To accept SSH login requests, the daemon must generate a secure channel for communication that’s impervious to snooping or tampering, then handle and validate sensitive credentials. Only then can it instantiate a shell process on the host computer with the right privileges. This entire process involves a lot of code, running with the highest level of privilege (so it can create a process for any user account), that must operate perfectly or risk deeply compromising the system. Incoming requests can come from anywhere on the internet and are initially indistinguishable from attacks, so it’s hard to imagine a more attractive target with higher stakes.
Given the large attack surface and the severity of any vulnerability, extensive efforts to mitigate risk are justified for the daemon process. Figure 2-1 shows a simplified view of how it is designed to protect this critical trust boundary.

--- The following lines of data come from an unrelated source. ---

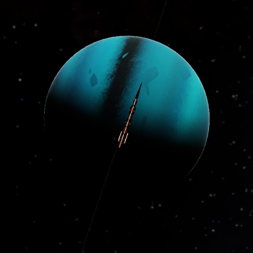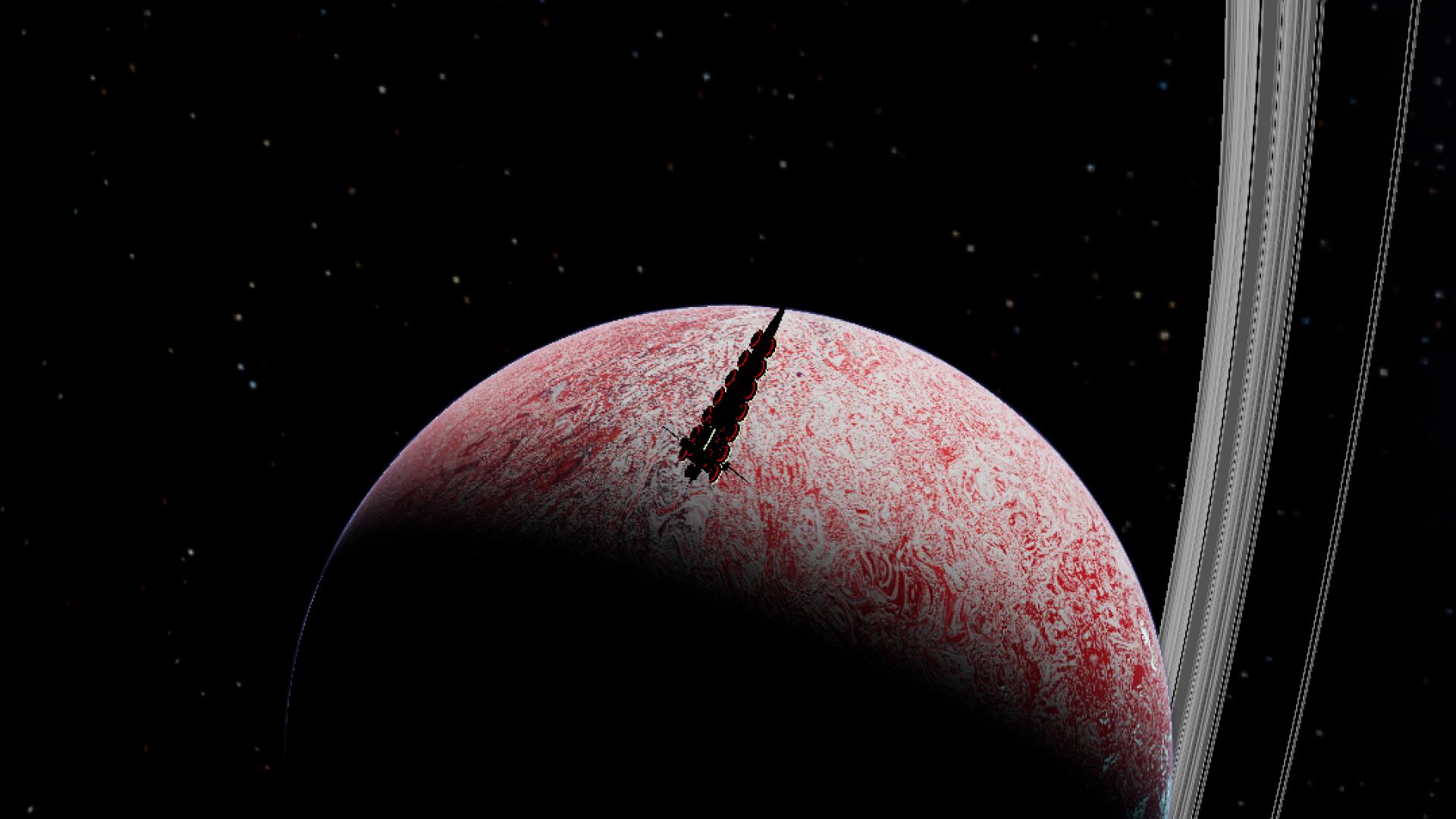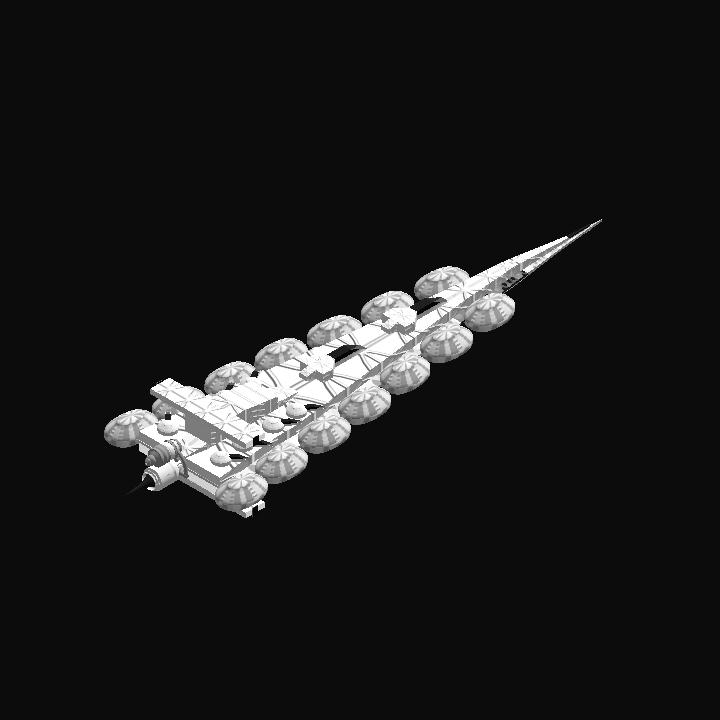 Designed by the young Coalition of Jovians in order to try partake in the flesh war to atleast contribute in some manner due to the Etosians calling them "Cowards" (like they had anything better to do). These small, albeit dangeroud and quick battlecruisers were meant to tick every box, to ensure the young coalitions resources werent going to be wasted. This ship is a unique one, often following bay principles instead of a turret heavy design. These ships primarily rely on heavy cutting laser technology and plasma beam technology in order to defeat foes. This ship hosts 4, single barrelled UH (Ultra heated) heavy plasma bolt  cannon turrets, meant to decimate most things, 12, single barelled encaeledus medium laser CIWS Turrets, 2 intergrated UH Plasma beam cannons and many bays (the bubble things on the outside), each containing 2 Jupiter class heavy cutting lasers and 2 Neptune class medium CIWS lasers. Many of these were produced, yet unfortunately too late to enter the flesh war. The Coalition now uses them as security and patrol vessels, these ships often excel in destroying hostile pirate stations and ships.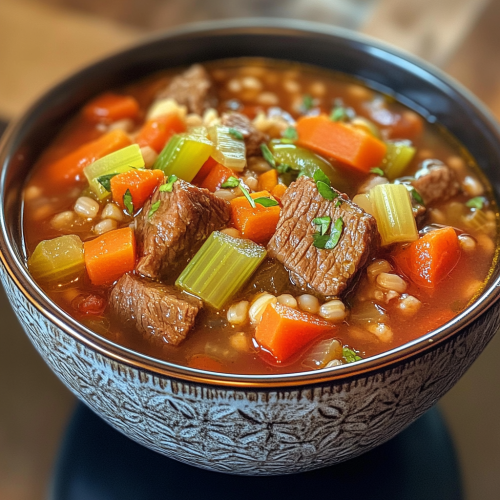 Hearty beef barley soup with vegetables and barley
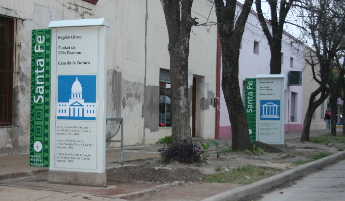 VILLA OCAMPO – El Área de Turismo, perteneciente a la Secretaría de Hacienda y Producción Municipal, recibió y están instaladas las cartelerías turísticas que compone el proyecto de señalética, que fuera presentado ante el Ministerio de Turismo de la Nación.Román Murzyla, titular del área, informó: “Los carteles ya están instalados. Hay carteles que van a estar dentro del casco urbano, indicando los lugares históricos o atractivos turísticos (plazas, museos, Casa de Visitas del Ingenio Arno, en el sector de acceso a la ciudad, etc.); y otros carteles que se instalan camino al río”.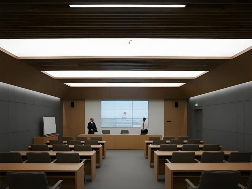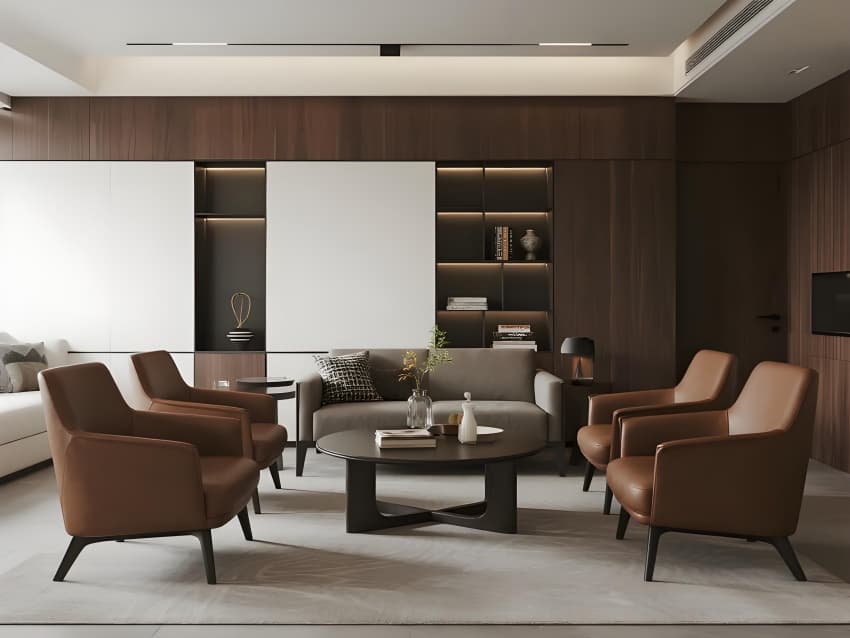 本案以"城市筑夢師"為設(shè)計理念,融合地產(chǎn)專業(yè)性與未來生活美學(xué)。空間采用現(xiàn)代簡約語言,主色調(diào)為高級灰基底,香檳金提升品質(zhì)感,企業(yè)藍強化品牌識別。核心區(qū)域突破傳統(tǒng):大堂變身數(shù)字規(guī)劃館,沙盤區(qū)升級全息城市模型,洽談室植入智能環(huán)境控制系統(tǒng)。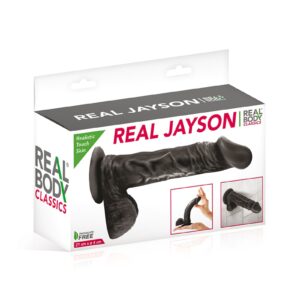 Pour les amateurs de sextoys ultra-réalistes et de grande taille, voici Real Jayson Noir, un gode avec de belles dimensions (21 cm de long par 4,2 cm de diamètre) de la marque Real Body.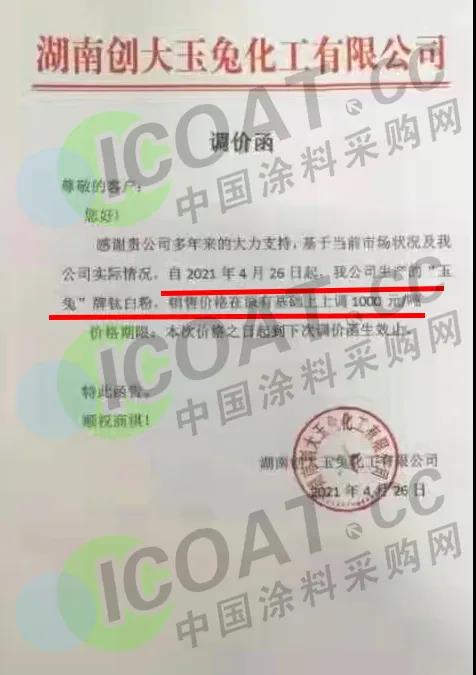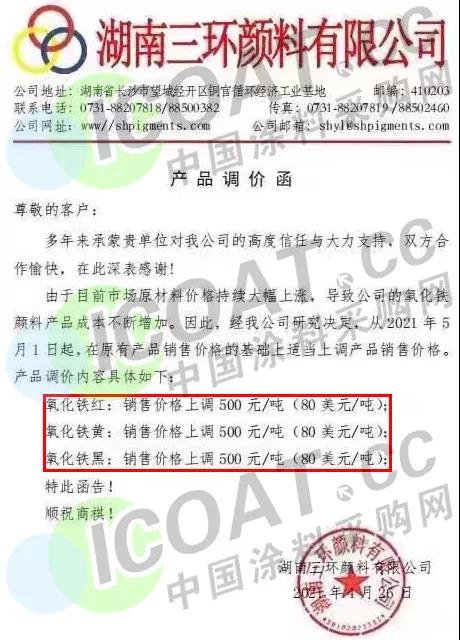 湖南三环颜料有限公司:经研究决定,从2021年5月1日起,适当上调产品销售价格。氧化铁红、氧化铁黄、氧化铁黑销售价格上调500元/吨(80美元/吨)。

Figure 2-1 How the design of the SSH daemon protects critical trust boundaries
Working from the top, each incoming connection forks a low-privilege child process, which listens on the socket and communicates with the parent (superuser) process. This child process also sets up the protocol’s complex secure-channel encryption and accepts login credentials that it passes to the privileged parent, which decides whether or not to trust the incoming request and grant it a shell. Forking a new child process for each request provides a strategic protection on the trust boundary; it isolates as much of the work as possible, and also minimizes the risk of unintentional side effects building up within the main daemon process. When a user successfully logs in, the daemon creates a new shell process with the privileges of the authenticated user account. When a login attempt fails to authenticate, the child process that handled the request terminates, so it can’t adversely affect the system in the future.

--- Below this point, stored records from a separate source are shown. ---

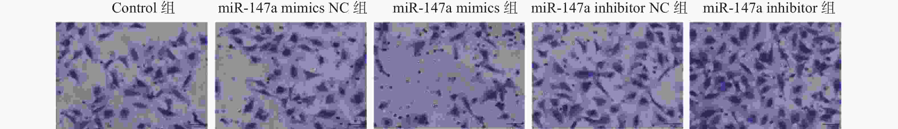 组别 细胞迁移距离(%) 细胞侵袭数 Control组 42.12±3.19 52.33±4.04 miR-147a mimics NC组 41.94±4.42 51.33±3.21 miR-147a mimics组 29.13±1.41### 32.67±3.05### miR-147a inhibitor NC组 43.46±7.35 52.00±5.57 miR-147a inhibitor组 55.32±1.27### 72.67±4.73### F 14.769 33.634 P <0.001*** <0.001*** ***P < 0.05;与Control组比较,###P < 0.001。 -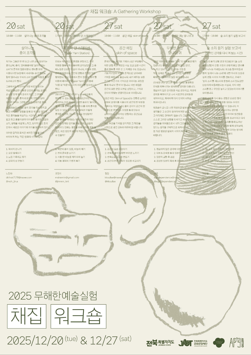 전시 《챱챱 툭툭 샥샥》은 ’ 오늘날 우리는 기후 변화를 감각하고 있는가? ‘ 라는 질문을 갖고, 채집이라는 방법으로 실험을 진행해, 인간과 자연의 관계 속 무뎌진 감각을 다섯 가지 워크숍을 통해 회복하고자 합니다.
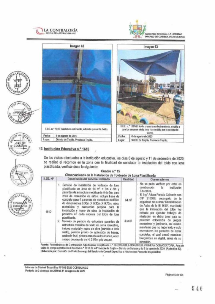 El pasado 05 de octubre, la Contraloría General de la República notificó al gobernador regional Manuel Llempén, el Informe de Control N° 021-2021-OCI/5342-SOO, en el que alertó que han pasado más de 11 meses sin que la Secretaría Técnica de la Gerencia Regional de Educación de La Libertad haya emitido el informe de precalificación correspondiente sobra la presunta responsabilidad administrativa de 5 servidores de la Gerencia Regional de Educación de La Libertad (GRELL), involucrados en el perjuicio económico de 182 mil soles que se ocasionó en la servicio de mantenimiento de infraestructura de patios y exteriores de los colegios de Trujillo y Ascope, obra que se ejecutó a finales de 2019 e inicios de 2020 y que la Contraloría observó en el Informe de Control Especifico N° 033-2020-2-5342-SCE, documento publicado y enviado al Gobierno Regional de La Libertad, el 29 octubre del año pasado.
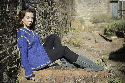 Construction: The sweater is knitted in one piece from the bottom up, then separated at the armholes for the fronts and back to be worked separately. Sleeves are picked up around the armhole and worked downward in the round. It has gentle waist shaping. Instructions are included for the simple blanket stitch embroidery trim.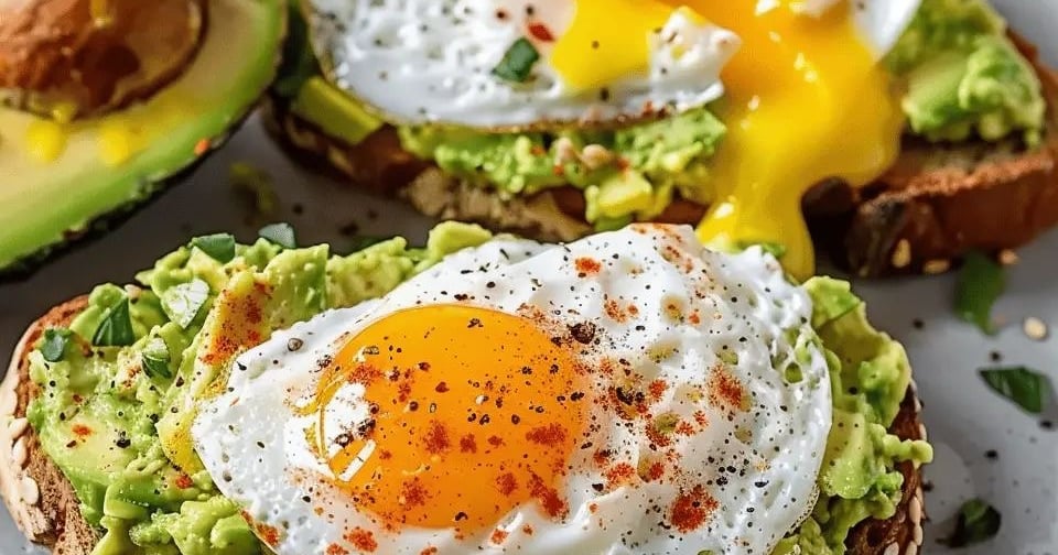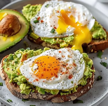 Avocado toast with eggs: Toast some whole-grain bread, mash avocado on top, add an egg, and sprinkle salt and pepper.

As with assets, you’ll decide when to lump together or split trust levels. In an operating system, the superuser is, of course, the highest level of trust, and some other administrative users may be close enough that you should consider them to be just as privileged. Authorized users typically rank next on the totem pole of trust. Some users may form a more trusted group with special privileges, but usually, there is no need to decide who you trust a little or more or less among them. Guest accounts typically rank lowest in trust, and you should probably emphasize protecting the system from them, rather than protecting their resources.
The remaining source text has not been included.